請回答下列第46題至第50題 Two years ago, a group of elders in a village in north-western Uganda agreed to lend their land to refugees from
South Sudan. About 120,000 are now in the surrounding area. Here they live in tarpaulin shelters and mud-brick
huts on a patch of scrub where cows once grazed. Kemis Butele, a gravel-voiced Ugandan elder, explains that
hosting refugees is a way for a remote place, long neglected by the central government, to get noticed. He hopes for
new schools, clinics and a decent road – and “that our children can get jobs.” There are more than 20 million refugees in the world today, more than at any time since the end of the second world
war. Nearly 90% reside in poor countries. In many, to preserve jobs for natives, governments bar refugees from
working in the formal economy. Uganda has shown how a different approach can reap dividends. The government
gives refugees land plots and lets them work. In some places, the refugees boost local businesses and act as a magnet
for foreign aid. Mr. Butele and many other Ugandans see their new neighbors as a benefit, not a burden. Sadly, such
attitudes are still the exception.
Refugees are “brothers and sisters,”say many Ugandans. Mr. Butele was once one himself. But the welcome is also
a pragmatic one. Northern Uganda is so poor that some locals pose as refugees to receive food aid. Others see
refugees as buyers for local goods. Elsewhere in Uganda has indeed seen such positive spillover. One study from
2016 found that the presence of Congolese refugees in western Uganda had increased consumption per household.
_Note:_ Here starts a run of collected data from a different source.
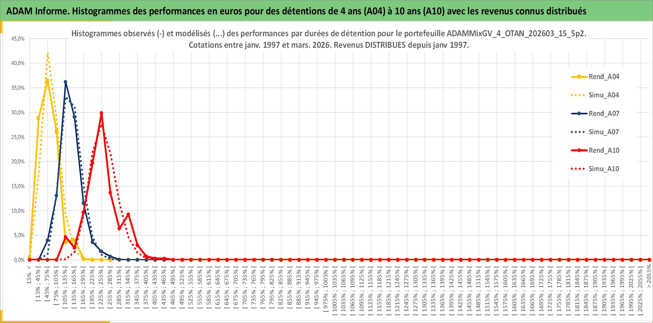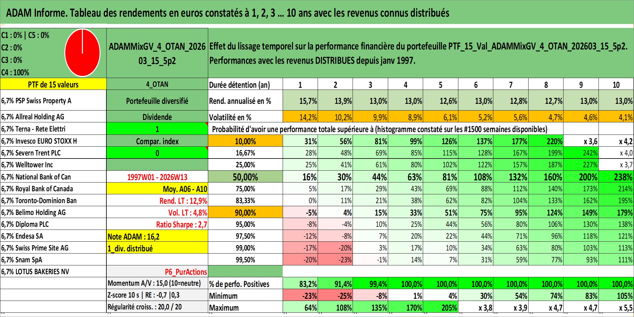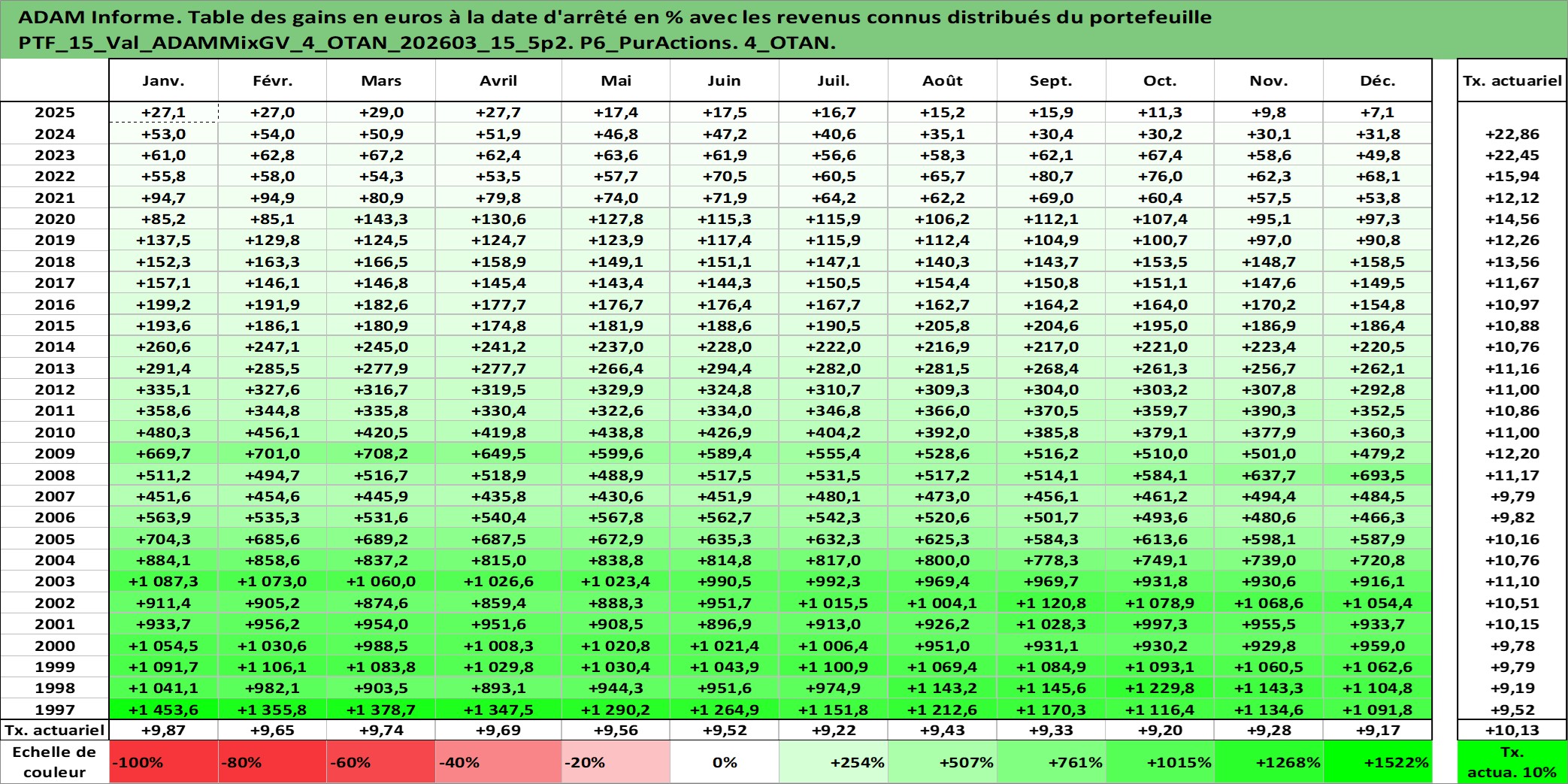 Site dédié aux investisseursPage dédiée sur site financeAnalyse des valorisations hebdomadaires du portefeuille ADAMMixGV_4_OTAN_202603_15_5p2_15actifs avec un profil P6_PurActions. Ce portefeuille est cote en EUR. Les valorisations couvrent les semaines 1997W01 a 2026W13. Les revenus de cet actif financier sont pris en compte depuis la semaine 1997W01. La note globale ESG de cet actif est estimee a 13.3 (apres rebasage entre 0 et 20).
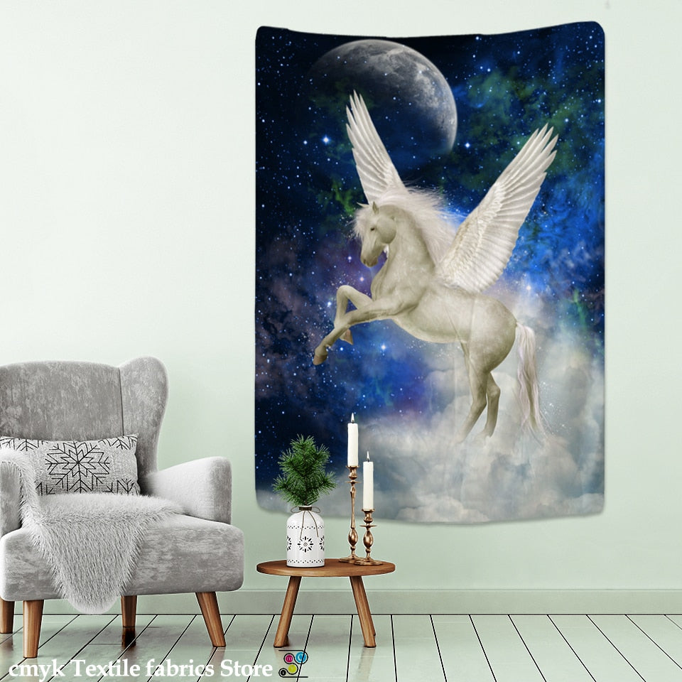 Pegasus Horse Tapestry Wall Hanging Starry Universe Psychedelic Wall Tapestry Bohemian Mandala Hippie Bedroom Tapestry
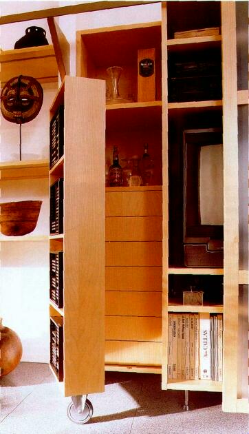Стенка в гостиной легко трансформируется благодаря раздвижным панелям с декоративными рамами из берёзы и вставками из матового стекла. Раздвижная конструкция стенки позволяет при необходимости закрыть всё содержимое, оставив только аппаратуру. Одна из секций стенки имеет поворотные ролики, которые придают дополнительное удобство в размещении необходимых вещей
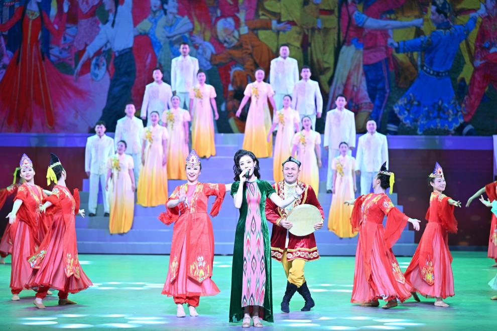10月6日,慶祝新疆生產(chǎn)建設(shè)兵團(tuán)成立70周年文藝晚會《光榮使命》在烏魯木齊文化中心大劇院舉行。
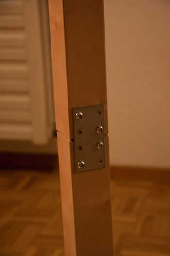 Fijar los pies de las tablas junto con soportes y tornillos de madera prestando atención para obtener el mejor posible alineación. La tarea se completa fácilmente acostándose su estante de lado.

Another estimates that each new refugee household boosts total income, including that of refugees, by $320-430
more than the cost of the aid the household is given. That rises to $560-670 when refugees are given cash instead
of rations.
【題組】47 Why do many governments bar refugees from working in the formal economy?
(A) Refugees would rather take odd jobs in a bar than formal jobs.
(B) The governments intend to preserve jobs for the local natives.
(C) The research shows that immigrants rarely take native workers’ jobs.
(D) The research shows that refugees have increased consumption per household.